Out in the real world, data is being collected in ever-increasing amounts. Currently, around 2.5 quintillion bytes of data are created every day. Much of this data comes in the form of time series, such as monthly sales figures, annual population numbers or daily rainfall. As we explained in our previous post, time series are great for forecasting. This is because they can be broken down to find the underlying trends and seasonal patterns. From these we are able to create accurate forecasts.
We use a six-step process in all of our time series forecasting projects:
- Define the problem and the outcome
- Prepare the data
- Analyse the time series
- Model the forecast using insight from the analysis
- Deploy the forecast model
- Monitor the forecast's performance
Step 1: Define
As in any successful project, the first step is to clearly define the problem. This includes the motivation behind creating a forecast and the intended goals and outcomes. After this, you can decide how to tackle the task at hand, including which software to use at each stage. For example, we might use Excel for data preparation, R for the analysis and modelling and Power BI for deployment.
Step 2: Prepare
It is essential to properly prepare and clean the data that will be used to create the forecast. Data cleansing might involve removing duplicated or inaccurate records, or dealing with missing data points or outliers.
In the case of a forecasting project, the data will take the form of a time series. Depending on what is being forecast, the observations might be daily, weekly, monthly, quarterly or yearly.
Step 3: Analyse
Once the data has been prepared, the next step is to analyse it. For a time series, this involves decomposing the series into its constituent parts. These include trend and seasonal effects. The trend is the long-term overall pattern of the data and is not necessarily linear. Seasonality is a recurring pattern of a fixed length which is caused by seasonal factors (for example, rainfall being higher during the winter months).
See Rob J. Hyndman and George Athanasopoulos's fantastic (and free!) online textbook, Forecasting: Principles and Practice, for more information about time series in the context of forecasting.
Step 4: Model
Forecasts are created by combining the trend and seasonality components. There are functions that can do this for you in Excel, or it can be done by hand in a statistical package like R.
If modelling manually, refine the weightings of each component to produce a more accurate model. The model can be edited to account for any special factors that need to be included, such as a sale or promotion. However, be careful to avoid introducing bias into the forecast and making it less accurate.

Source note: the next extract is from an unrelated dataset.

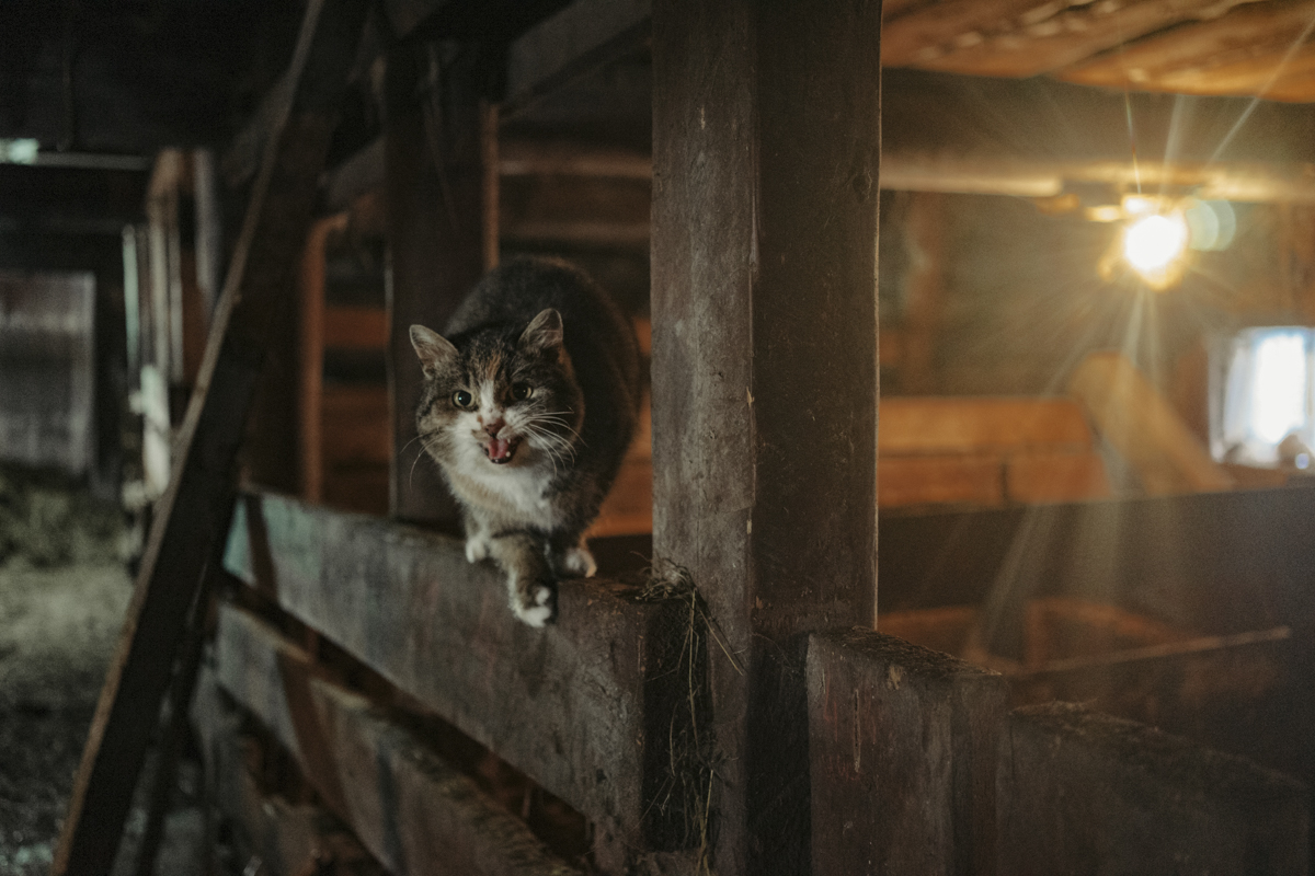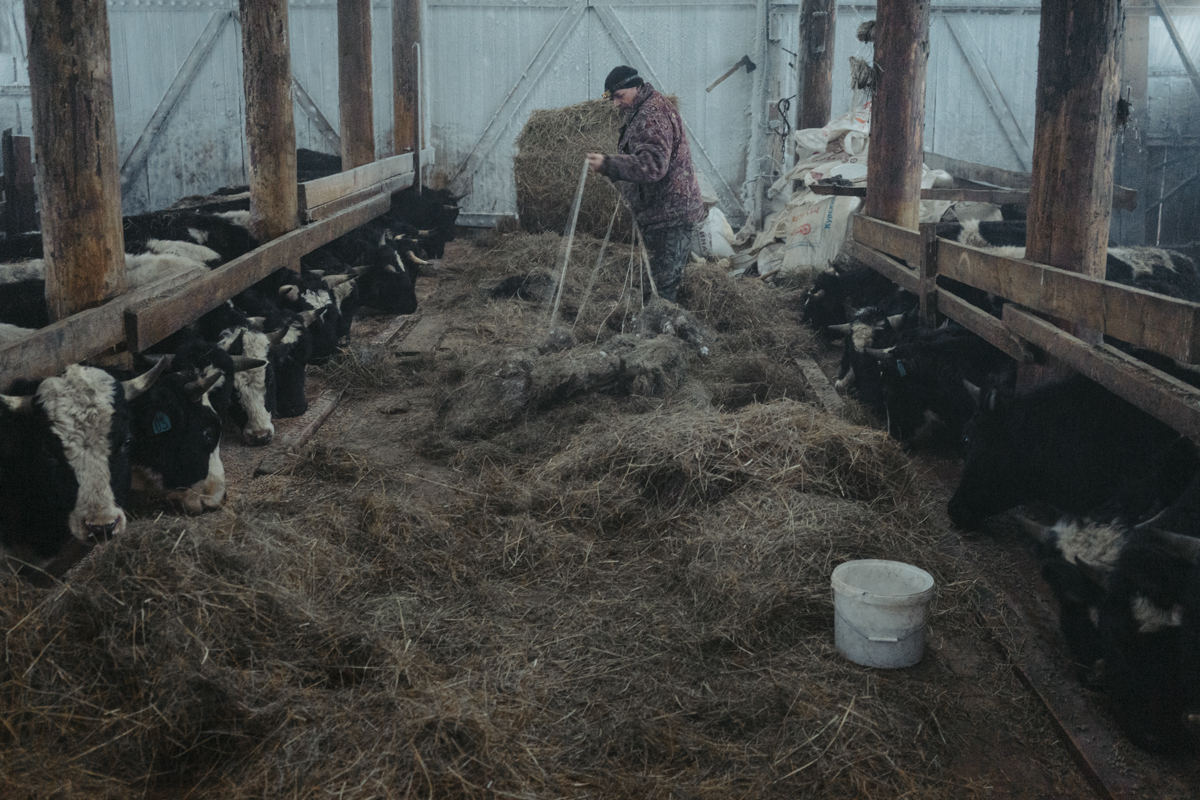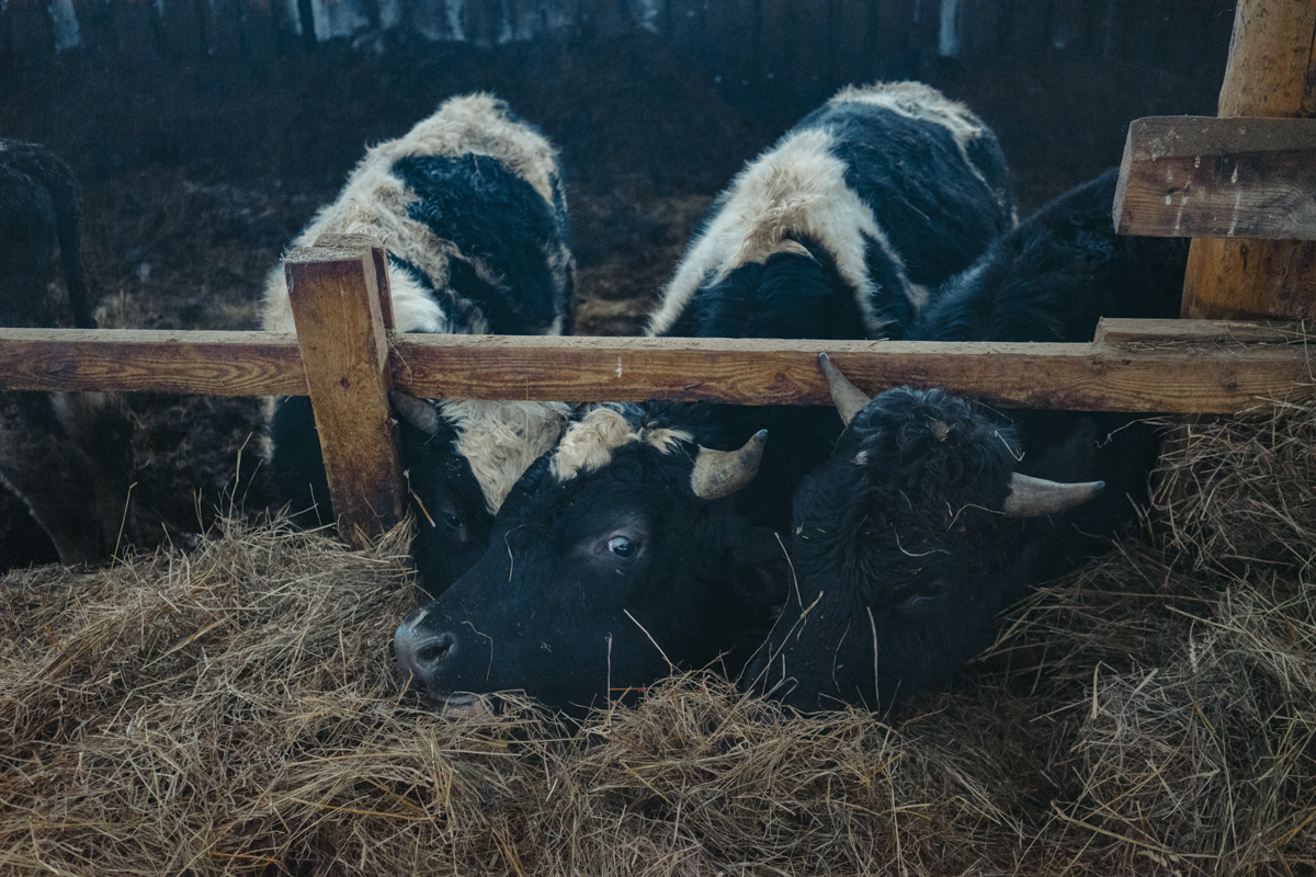 Телятник со временем подладили и уменьшили. Теперь у Чановых 28 телят, дойная корова Верба, пять свиней, куры, две собаки и три домашние кошки. Еще три муры — временные жители. Приходят на зимовку из соседних деревень. Венера всех кормит, но не за просто так: каждая кошка имеет свой подконтрольный участок. Рыжая стережет хозяйственную часть дома, полосатая контролирует ситуацию в курятнике, а самая умная, Мура, заняла пост начальницы хлева.

Whether using Excel or R (or most other forecasting software), your model will include prediction intervals (or confidence intervals). These show the level of uncertainty in the forecast at each future point.
Step 5: Deploy
Once you are happy with your model, it's time to deploy it and make the forecasts live. This means that decision makers within the business or organisation can utilise and benefit from your forecast. Deployment may take the form of a visualisation, a performance dashboard, a graphic or table in a report, or a web application.

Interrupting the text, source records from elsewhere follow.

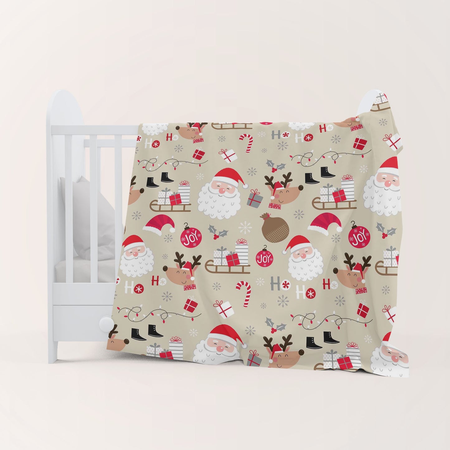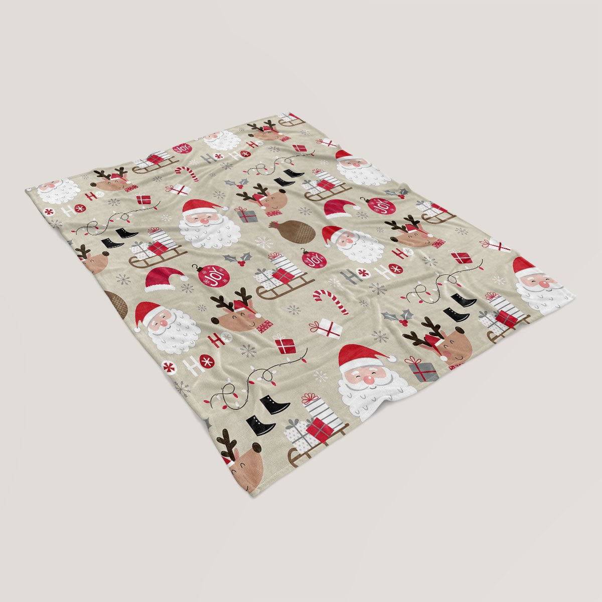 Santa Christmas Hat Sled Kids Patterns Multicolour Personalized Throw Blanket Custom Fleece Sherpa Throw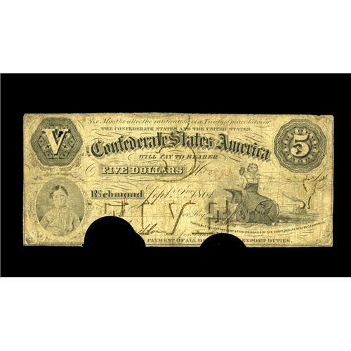 <B>T32 $5 1861.</B></I> The edges show light handling for the grade, while a small hole is found in the upper left counter of this better Confederate type. <B>Very Good,</B></I> COC.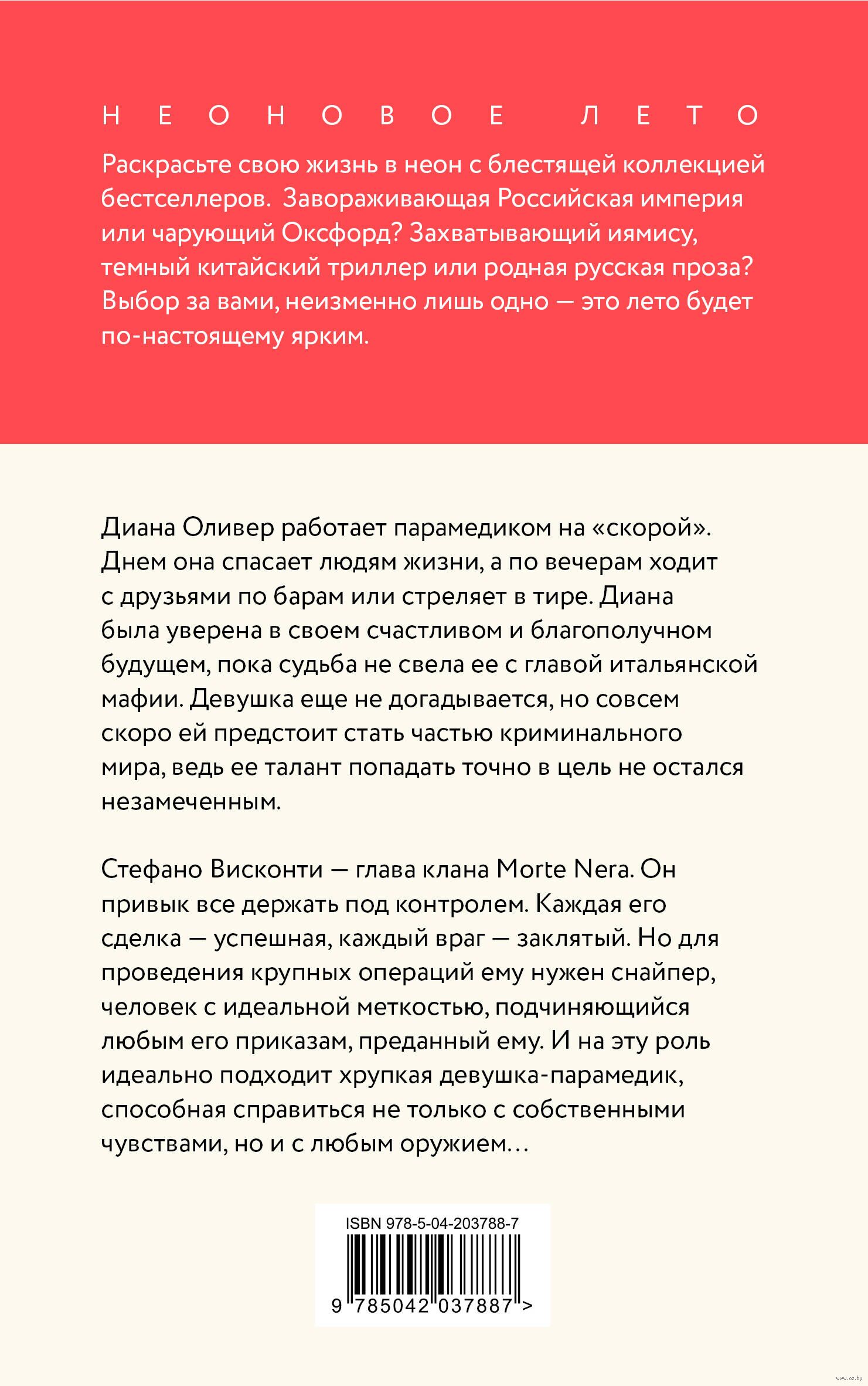 Стефано Висконти – глава клана "Morte Nera". Он привык все держать под контролем. Каждая его сделка – успешная, каждый враг – заклятый. Но для проведения крупных операций ему нужен снайпер, человек с идеальной меткостью, подчиняющийся любым его приказам, преданный ему. И на эту роль идеально подходит хрупкая девушка-парамедик, способная справиться не только с собственными чувствами, но и с любым оружием...
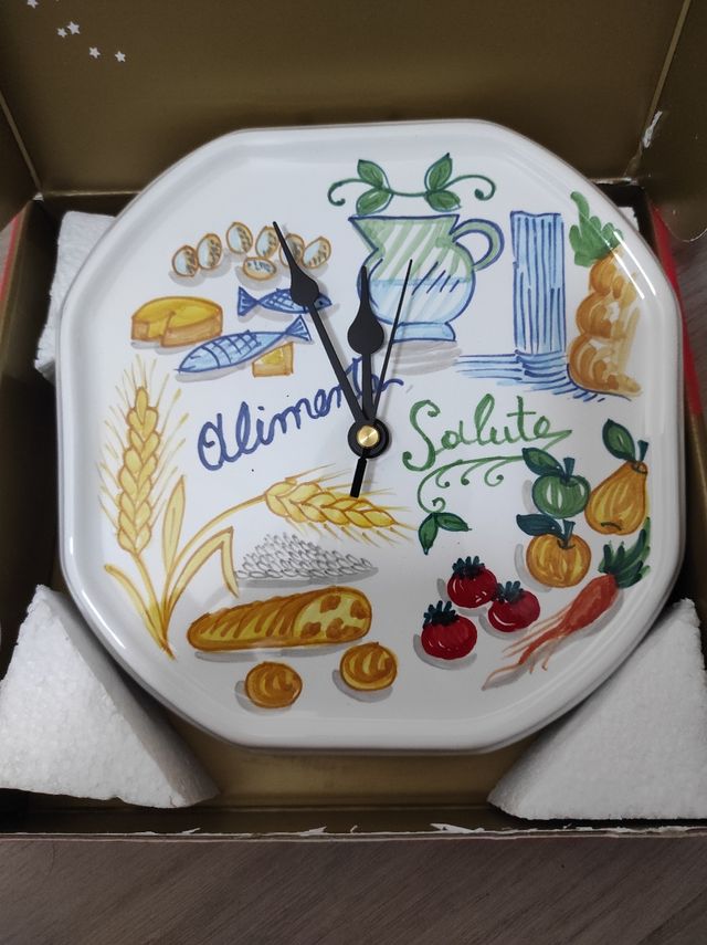 Vendo orologio da parete, decorato a mano, le misure sono 20 x 20 cm circa. Mai usato.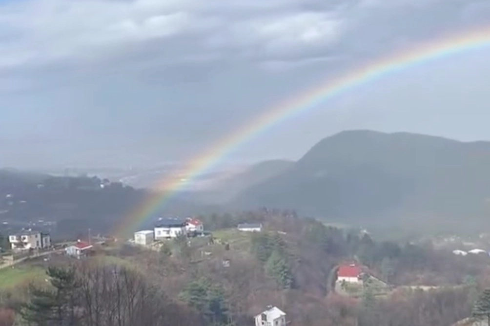 - Bursa'nın Kestel ilçesine bağlı Saitabat Mahallesi'nde yağmurun ardından oluşan gökkuşağı, görenleri hayran bıraktı. Bursa genelinde etkili olan yağışlı havanın ardından Saitabat'ta bulutların arasından yüzünü gösteren güneşle birlikte gökyüzünde beliren gökkuşağı, doğayla iç içe manzarasıyla kartpostallık görüntüler oluşturdu. Yağmur sonrası temizlenen hava ve yeşilin her tonunu barındıran Saitabat vadisi üzerinde oluşan gökkuşağı, vatandaşlara keyifli anlar yaşattı. O anlara tanıklık eden vatandaşlar, gökkuşağını cep telefonlarıyla görüntülerken, kısa süre etkili olan doğa olayı çevrede görsel bir şölen sundu. Gökyüzünde beliren gökkuşağı, bir süre sonra yavaş yavaş kayboldu. Yağmurun ardından ortaya çıkan bu manzara, Bursa'nın Kestel ilçesindeki Saitabat'ta baharın güzelliğini bir kez daha gözler önüne serdi.

You may wish to include with your forecast the prediction intervals calculated in the previous step. These show the user the limits within which each future value can be expected to fall between if your model is correct.
Step 6: Monitor
After the forecast goes live, it is important to monitor its performance. A common way of doing this is to calculate the accuracy using an error measurement statistic. Popular measures include the mean absolute percentage error (MAPE) and the mean absolute deviation (MAD).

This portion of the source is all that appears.